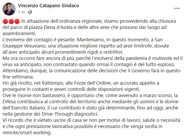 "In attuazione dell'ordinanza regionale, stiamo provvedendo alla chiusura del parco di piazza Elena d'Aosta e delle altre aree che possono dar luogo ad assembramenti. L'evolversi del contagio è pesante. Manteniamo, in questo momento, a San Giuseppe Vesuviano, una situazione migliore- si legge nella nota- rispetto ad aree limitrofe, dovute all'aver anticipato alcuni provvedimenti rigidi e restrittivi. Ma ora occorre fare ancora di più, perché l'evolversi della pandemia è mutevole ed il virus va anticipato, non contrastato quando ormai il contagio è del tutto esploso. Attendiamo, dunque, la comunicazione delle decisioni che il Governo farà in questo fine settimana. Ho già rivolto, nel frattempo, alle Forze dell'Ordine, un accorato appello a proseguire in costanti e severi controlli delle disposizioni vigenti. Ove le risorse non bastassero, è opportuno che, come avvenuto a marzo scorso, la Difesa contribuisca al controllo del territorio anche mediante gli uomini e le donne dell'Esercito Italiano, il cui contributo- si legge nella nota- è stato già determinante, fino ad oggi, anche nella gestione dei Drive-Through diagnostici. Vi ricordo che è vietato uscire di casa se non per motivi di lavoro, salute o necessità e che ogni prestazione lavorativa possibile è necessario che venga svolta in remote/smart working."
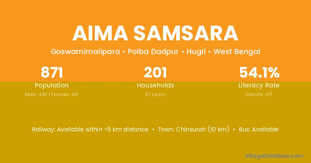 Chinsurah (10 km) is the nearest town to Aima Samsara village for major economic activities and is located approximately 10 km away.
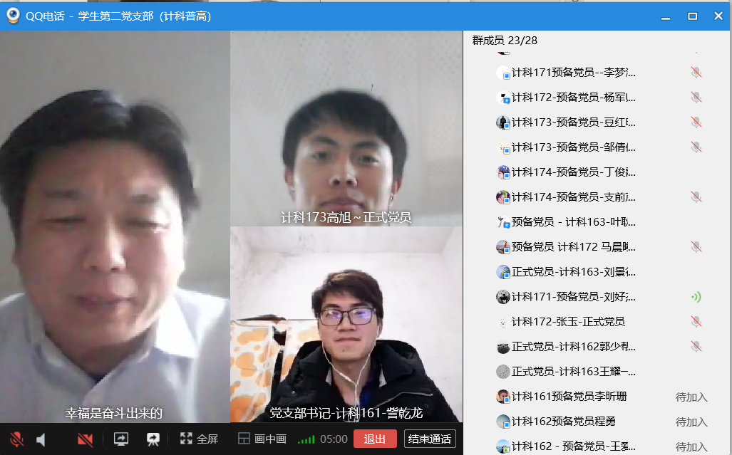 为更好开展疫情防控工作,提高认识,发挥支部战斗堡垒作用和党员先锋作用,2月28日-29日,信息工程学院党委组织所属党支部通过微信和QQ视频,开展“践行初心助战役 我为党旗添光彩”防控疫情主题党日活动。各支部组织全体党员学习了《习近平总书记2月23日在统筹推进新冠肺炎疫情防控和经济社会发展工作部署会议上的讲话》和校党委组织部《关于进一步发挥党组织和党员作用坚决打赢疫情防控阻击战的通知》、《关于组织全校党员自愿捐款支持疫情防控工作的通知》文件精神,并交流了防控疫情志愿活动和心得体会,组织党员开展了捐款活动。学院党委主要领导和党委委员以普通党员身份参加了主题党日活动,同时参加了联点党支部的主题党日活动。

> Problem description: Line by line, write out the data above exactly, without the pictures.

> Response area:
 "In attuazione dell'ordinanza regionale, stiamo provvedendo alla chiusura del parco di piazza Elena d'Aosta e delle altre aree che possono dar luogo ad assembramenti. L'evolversi del contagio è pesante. Manteniamo, in questo momento, a San Giuseppe Vesuviano, una situazione migliore- si legge nella nota- rispetto ad aree limitrofe, dovute all'aver anticipato alcuni provvedimenti rigidi e restrittivi. Ma ora occorre fare ancora di più, perché l'evolversi della pandemia è mutevole ed il virus va anticipato, non contrastato quando ormai il contagio è del tutto esploso. Attendiamo, dunque, la comunicazione delle decisioni che il Governo farà in questo fine settimana. Ho già rivolto, nel frattempo, alle Forze dell'Ordine, un accorato appello a proseguire in costanti e severi controlli delle disposizioni vigenti. Ove le risorse non bastassero, è opportuno che, come avvenuto a marzo scorso, la Difesa contribuisca al controllo del territorio anche mediante gli uomini e le donne dell'Esercito Italiano, il cui contributo- si legge nella nota- è stato già determinante, fino ad oggi, anche nella gestione dei Drive-Through diagnostici. Vi ricordo che è vietato uscire di casa se non per motivi di lavoro, salute o necessità e che ogni prestazione lavorativa possibile è necessario che venga svolta in remote/smart working."
 Chinsurah (10 km) is the nearest town to Aima Samsara village for major economic activities and is located approximately 10 km away.
 为更好开展疫情防控工作,提高认识,发挥支部战斗堡垒作用和党员先锋作用,2月28日-29日,信息工程学院党委组织所属党支部通过微信和QQ视频,开展“践行初心助战役 我为党旗添光彩”防控疫情主题党日活动。各支部组织全体党员学习了《习近平总书记2月23日在统筹推进新冠肺炎疫情防控和经济社会发展工作部署会议上的讲话》和校党委组织部《关于进一步发挥党组织和党员作用坚决打赢疫情防控阻击战的通知》、《关于组织全校党员自愿捐款支持疫情防控工作的通知》文件精神,并交流了防控疫情志愿活动和心得体会,组织党员开展了捐款活动。学院党委主要领导和党委委员以普通党员身份参加了主题党日活动,同时参加了联点党支部的主题党日活动。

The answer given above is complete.